Housewarming means you invite family and friends to show them your new home. In Germany, it is customary to bring bread and salt for good fortune for the hosts and their homes. Bread is a staple food, and salt is a formerly expensive mineral used as a preservative.


Karine Giboulo, a sculptor from Montreal, created more than 500 miniature polymer-clay figures during the COVID pandemic. She displays our living conditions during isolation with insecurity about food supplies and the battle against the disease.


The installation at the Gardiner Museum resembles a home inspired by the artist's residence with a kitchen, pantry, living room, bedroom, bathroom, playroom and garden.


In each area, the figures tell stories, some closely related to Karine Giboulo's experiences during physical isolation. The confinement was even worse for her because she had just been diagnosed with a restricting illness.
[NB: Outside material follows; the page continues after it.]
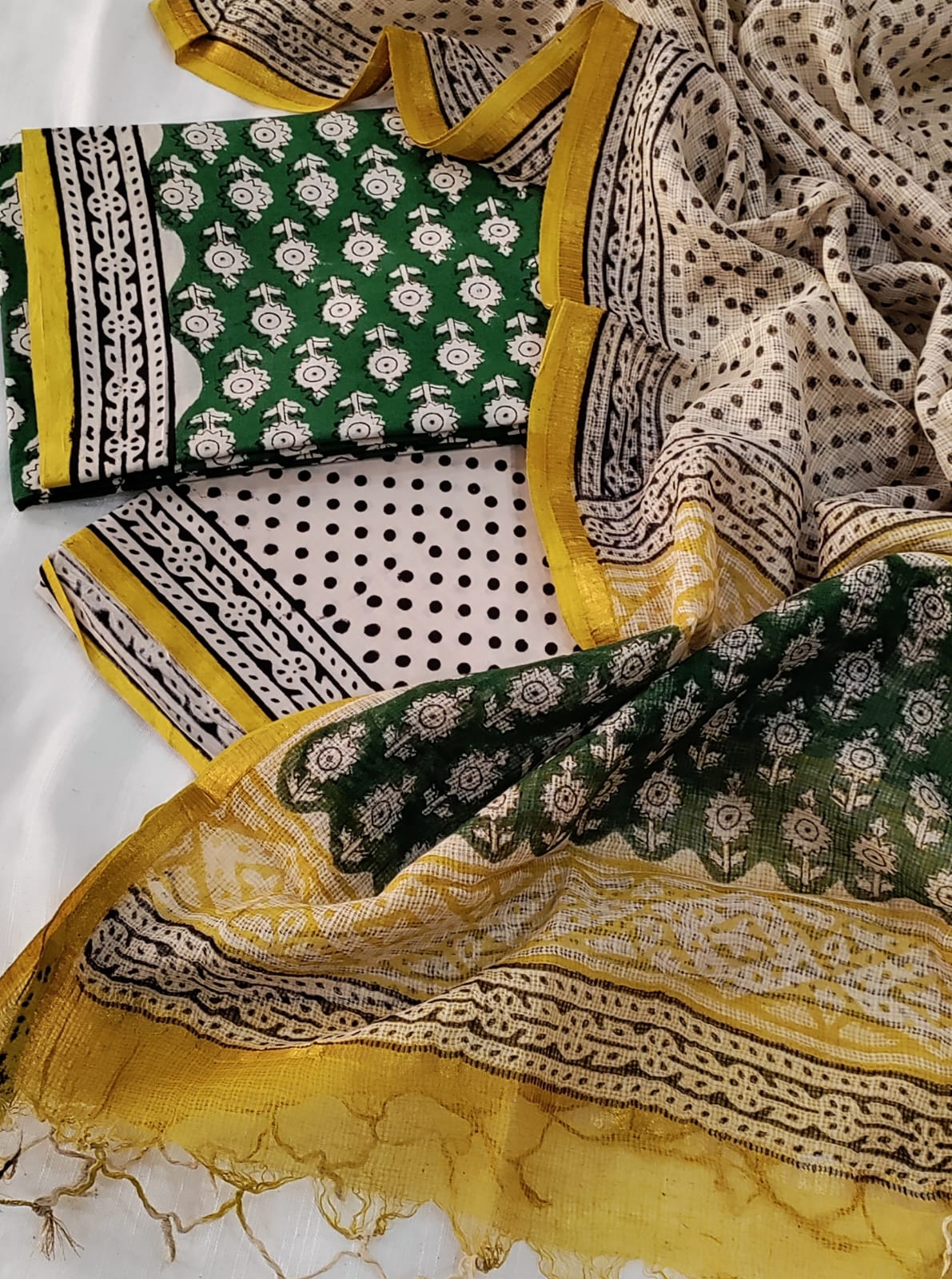 This suit set features a soothing green base adorned with classic hand block motifs, paired with a contrast polka-dotted cotton bottom. The dupatta stands out with intricate block prints and a mustard yellow border, adding a vibrant ethnic touch to the overall look.

Suffering from mobility loss and pain during sleepless nights caused her to feel like a young person caged in an old body.


The artist portrays the limitations of our daily lives during the pandemic. She also critiques our consumerism, showing the impact of human activity on nature, visible in pollution, destruction of habitats, and climate change. Her observations offer lots of thought-provoking reflections on our actions.


You can visit the Housewarming exhibition until May 7, 2023.